» **Task prompt**:
Starting at the line that contains "При первом знакомстве" and ending at the final line of the entries below, write out each line exactly as it appears, but omit the pictures.

(Excerpts from a dataset)
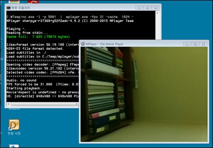 위에서는 먼저 "nc" 명령에 의해 <Netcat> 프로그램이 작동하고, port "5001"로 들어오는 동영상 stream을 받아서 pipe를 통하여 <Mplayer> 프로그램으로 넘겨준다. 그러면 <Mplayer> 프로그램은 수신한 동영상 stream을 이용하여 동영상을 상영하게 되는 것이다.
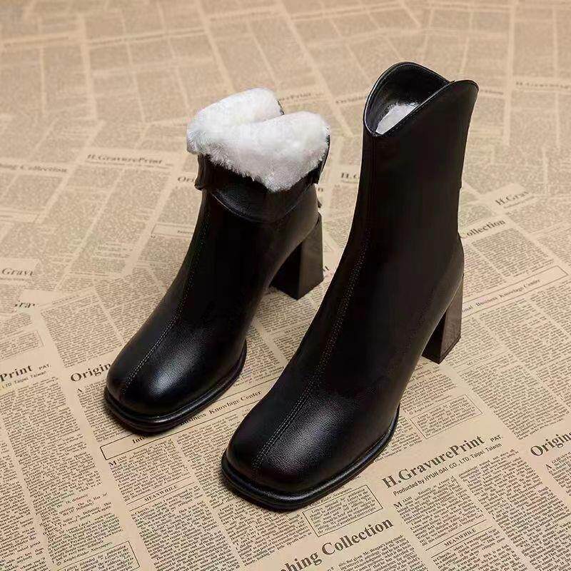 推荐加绒加厚雪地靴冬季女款棉鞋2024新款白色爆款短靴保暖高跟靴
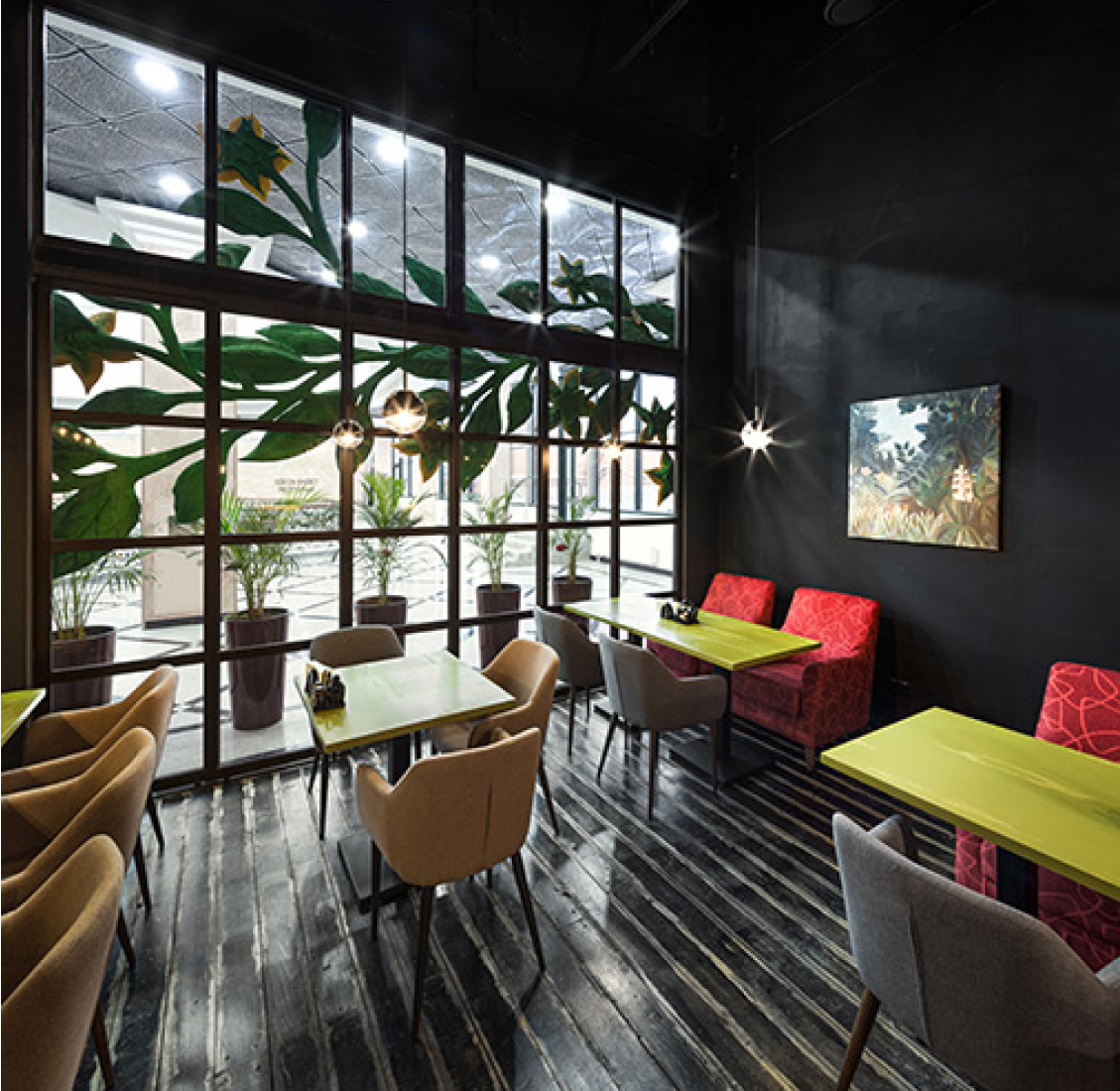 При первом знакомстве площадка вызвала бурю восторгов — крупный прямоугольник, приятная высота, возможность поставить стеклянный фасад. Было решено создать олицетворение сказочных джунглей, соединить их с восточным колоритом, использовать японский минимализм в геометрии пространства и китайские тональности в оформлении, деталях и мебели.
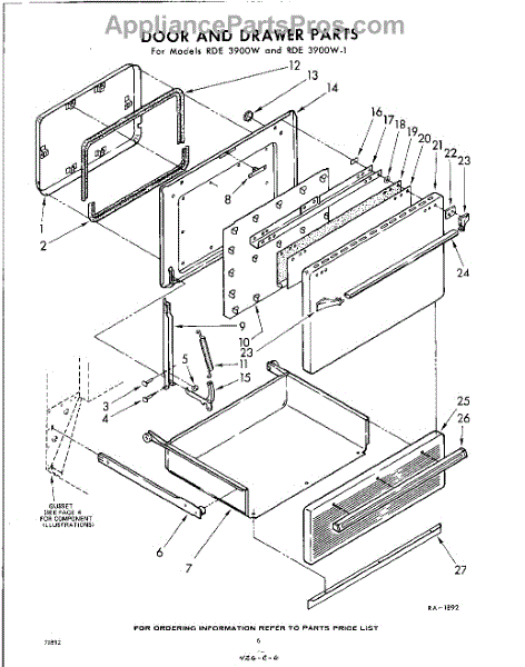 Parts for Whirlpool RDE3900W1: 06 - Door And Drawer Parts
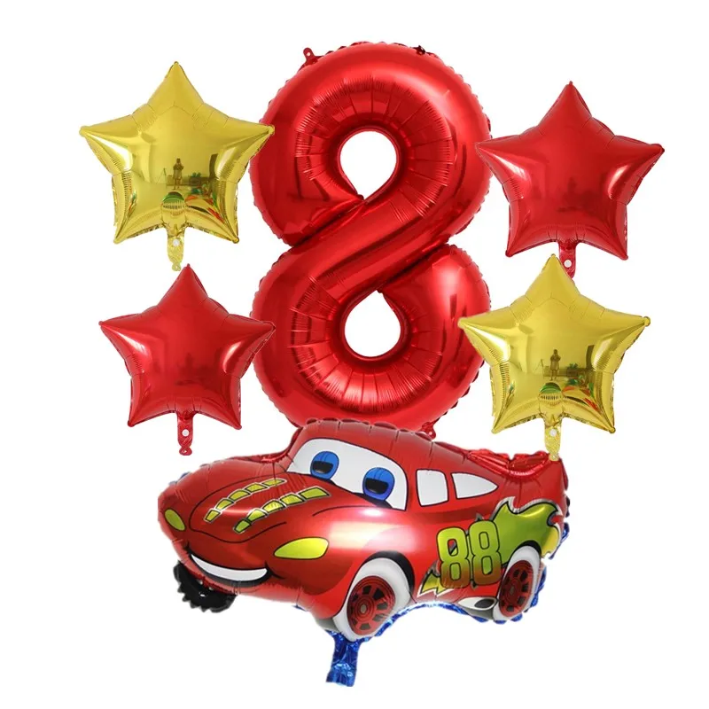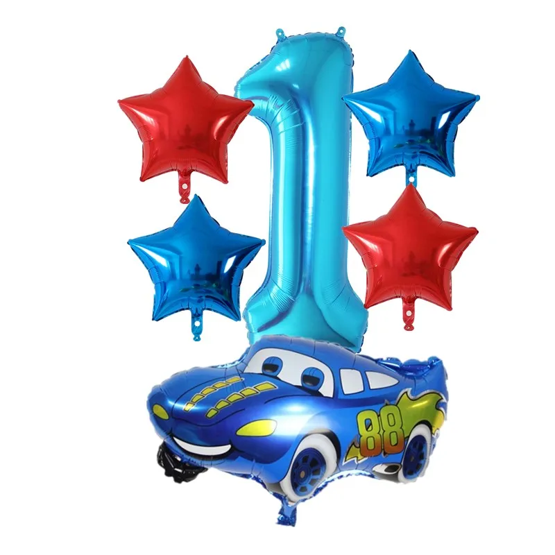6Pcs Large Size Cartoon Car Foil Balloon Set Blue Red 40 Inch Number Star Helium Globos Birthday Party Decoration Ball Boy Toys

» **Solution for this problem**:
 При первом знакомстве площадка вызвала бурю восторгов — крупный прямоугольник, приятная высота, возможность поставить стеклянный фасад. Было решено создать олицетворение сказочных джунглей, соединить их с восточным колоритом, использовать японский минимализм в геометрии пространства и китайские тональности в оформлении, деталях и мебели.
 Parts for Whirlpool RDE3900W1: 06 - Door And Drawer Parts
6Pcs Large Size Cartoon Car Foil Balloon Set Blue Red 40 Inch Number Star Helium Globos Birthday Party Decoration Ball Boy Toys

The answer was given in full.